American social worker

Annie Clo Watson (April 26, 1891 – January 7, 1960) was an American social worker based in San Francisco, best known for her efforts on behalf of Japanese Americans during and after World War II.

== Early life ==
Annie Clo (or Chloe) Watson was born in Repton, Alabama, and raised in Texas, the daughter of William Watson and Mattie E. Robbins Watson. Both of her parents were also born in Alabama; her father was a doctor. She attended Southwestern University in Texas, where she played basketball and was president of her class. She pursued further training in social work at Columbia University School of Social Work.

== Career ==
Watson became executive director of the YWCA's International Institute in San Antonio, Texas in 1928. She became executive director of the International Institute in San Francisco in 1932, and was president of the local chapter of the National Association of Social Workers. In 1944 helped to found the Fellowship Church for All People with Howard Thurman. She was active in the American Civil Liberties Union and the California Conference of Social Work.
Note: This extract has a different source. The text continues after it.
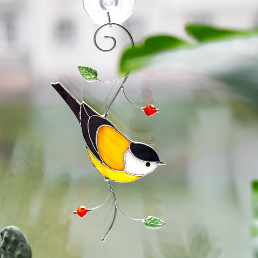 Chickadee Window Hanging – Stained Glass Bird Gift A Cheerful Symbol of Joy

During World War II, she organized the Pacific Coast Committee for American Principles and Fair Play, hoping to mitigate some of the impact of the internment of Japanese Americans, and worked on war relocation issues at the YWCA's national headquarters in New York. "She was among those who really went to bat for persons of Japanese ancestry at the outbreak of the war," commented an obituary in the Pacific Citizen newspaper.

In 1948 she testified before a Congressional hearing on housing issues in San Francisco, and spoke on a panel at the national meeting of the Japanese American Citizens League (JACL) in Salt Lake City. In 1952 she testified before the President's Commission on Immigration and Naturalization, about the effects of changing laws on Asian Americans and Latino Americans in California, and wrote a report, "The Social Integration of Mexicans and Other Latin Americans in San Francisco and the Bay Region" for the National Council on Naturalization and Citizenship. Watson's writing on immigration was published in Journal of Educational Psychology. She chaired the International Institute's Committee for Information on the Adoption of Japanese Children. She retired in 1958, but continued as a consultant with the United Community Fund of San Francisco State College.

Watson won the Koshland Award for Social Work in 1945. The national JACL presented Watson with a Scroll of Appreciation in 1956. In 1960, after she died, the JACL encouraged donations to the Annie Clo Watson Scholarship for Social Workers as a memorial. Another memorial fund, the Annie Clo Watson Scholarship, funded a woman attendee at the West Coast Encampment for Citizenship.

== Personal life ==
Watson died from cancer in 1960 at her home in Berkeley, California, aged 68 years. Her gravesite is with her parents' graves, in Uvalde, Texas. The University of Minnesota holds a collection of Annie Clo Watson papers.